Tuesday 23 July 2013

Surely the honourable lord didn't just lie?

There was a curious moment yesterday in the House of Lords when a peer apologised for ‘unintentionally’ suggested the DVLA committed breaches of data protection laws.

It all started on Friday when the Conservative peer Lord Selson arose to bemoan ‘badly behaved’ British families going off to the Alps in 4x4 on skiing trips throwing rubbish from their windows. He told the House:

‘There are the ones I’ve followed occasionally and, for a bit of fun, I’ve just taken note of their number and occasionally managed – because I have friends with the DVLA – to find their telephone and I give them a ring.
‘I just say “I’m sorry, I happen to be involved in the political world a bit and it was noticed that at a particular point you did this”.’
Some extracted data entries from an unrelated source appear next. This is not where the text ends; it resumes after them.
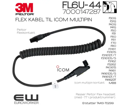 3M Peltor Flexkabel FL6U-44 til Icom Multipin
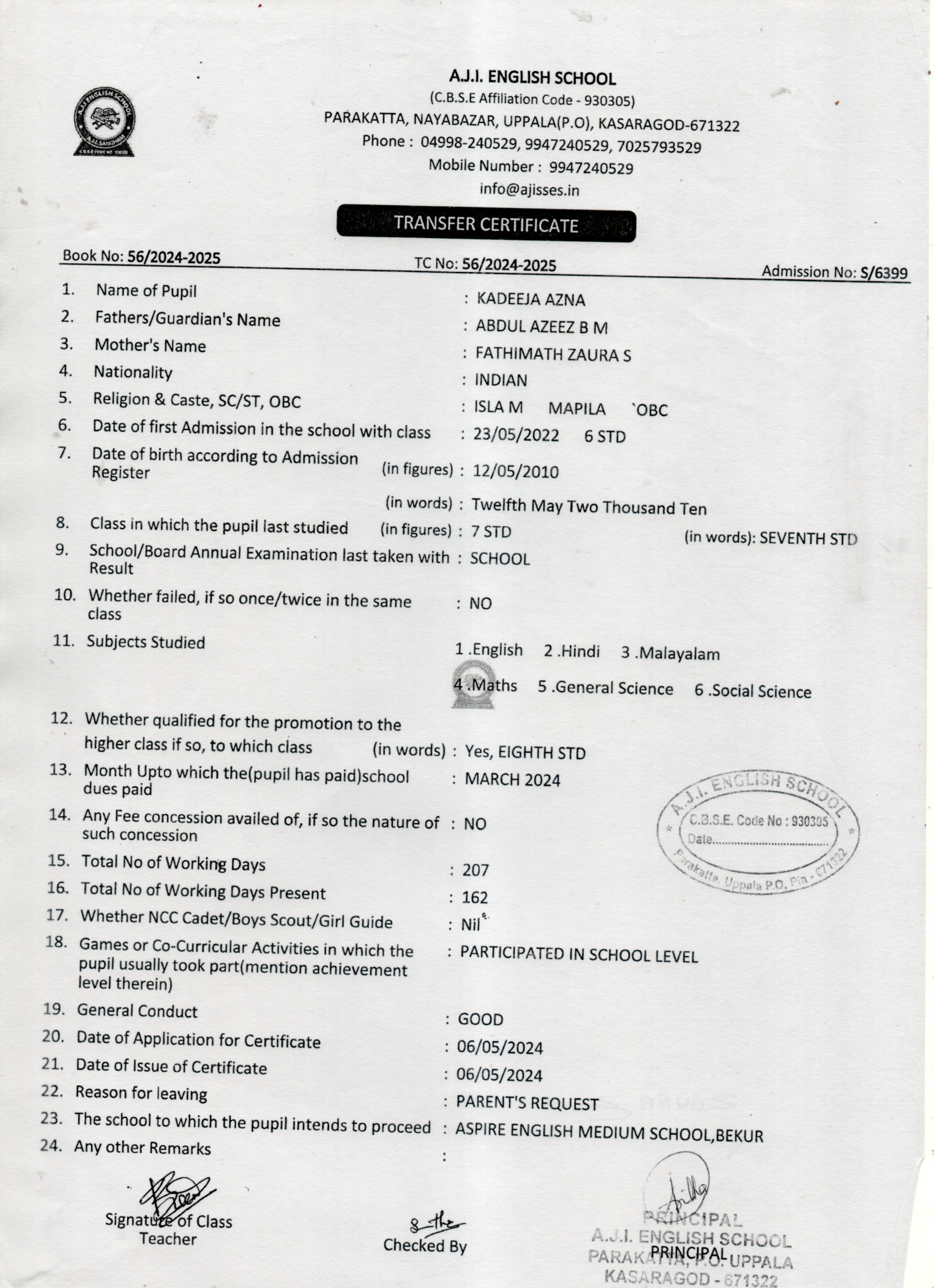 | 264. | KADEEJA AZNA 7-STD | TC NO: 56/2024-2025 | View |
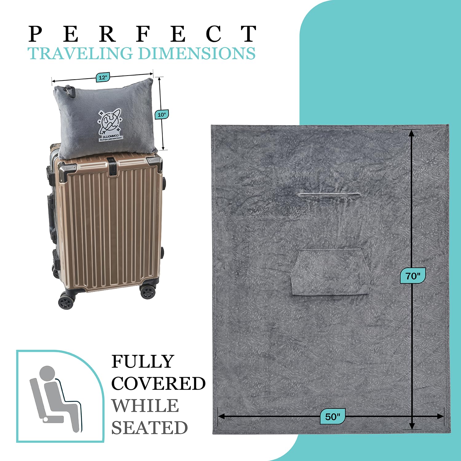 Commollis 2-in-1 Travel Blanket & Pillow for Airplane, Car, Train - Warm Compact Flight Blanket with Luggage Strap & Backpack Clip, Machine Washable, All-Season Use
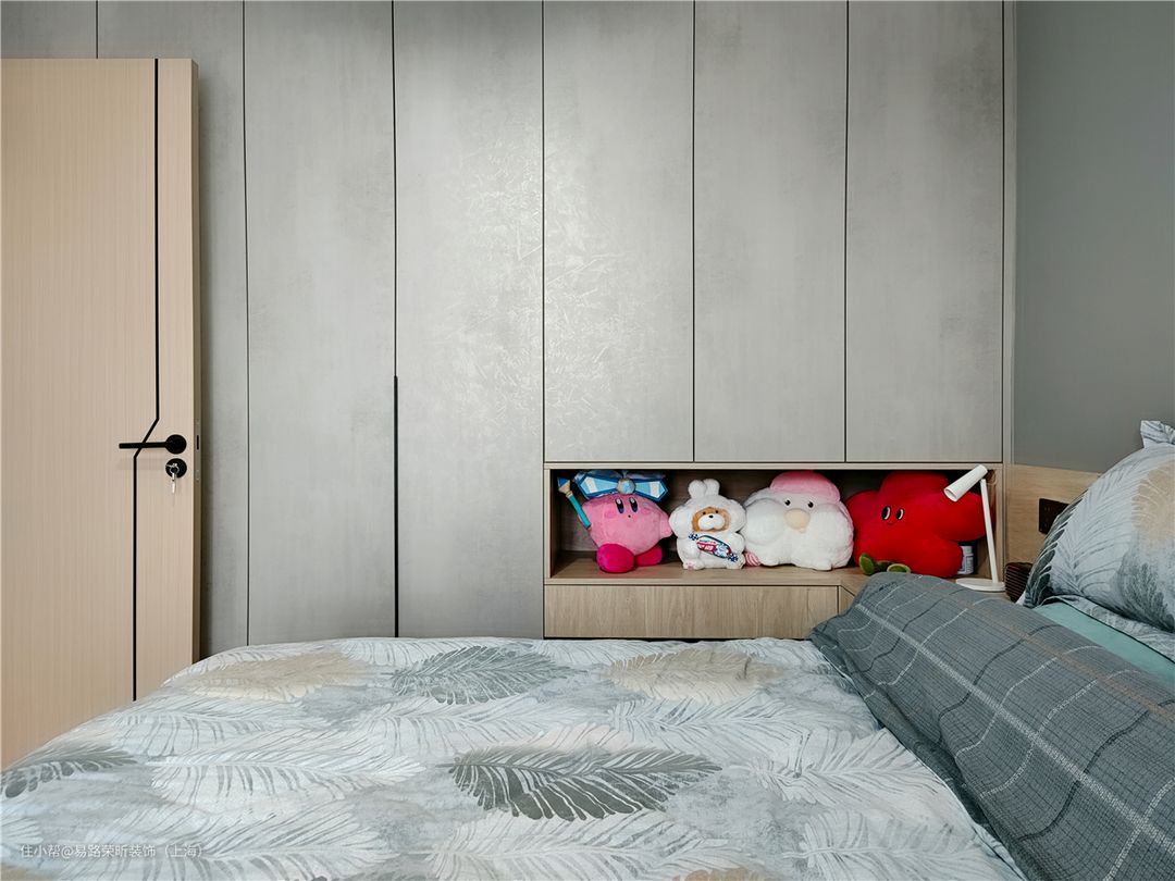 卧室以灰色与木色作为主基调,墙面选用了灰色的乳胶漆,床头背景采用衣柜+床头柜组合式,一半灰色,一半原木色,成为卧室设计的点睛之笔,简约却富有层次。

So rather extraordinarily, the noble lord has claimed he trails people, gets their numberplates, calls his mates at the DVLA who promptly hand over personal details just so he can make pestering, menacing calls to the no doubt unpleasant people who fling litter from their windows.

Understandably, the DVLA was a bit concerned it had been linked to such illegal activity so it wrote to Lord Selson ‘to ask for further information’. A spokeswoman added; ‘Depending on his reply, we will then decide on whether or not it is necessary to conduct a full investigation.’

But, now there is no need, because the honourable lord had made it all up. Yesterday, he made this ‘clarification’:

‘In my speech on the second reading of the Littering from Vehicles Bill on Friday, I unintentionally suggested that I might have been provided with the personal data of motorists by the DVLA.
‘I would like to confirm that I have not at any time asked for, or been given from the DVLA, any information which is not in the public domain.
‘In particular, I have not been given names of keepers of vehicles. I much regret that my speech, made without text or notes, should have given rise to press speculation to the contrary and I would like to apologise to the House.’

He noticeably didn’t say he lied, as that would be unparliamentary behaviour, only that they were ‘unintentional’. But obviously someone is lying. Either the lord, in a fit of vanity, shabbily made it all up to boost his ego, or the DVLA has got away with pretty wretched illegality. My money is on the former.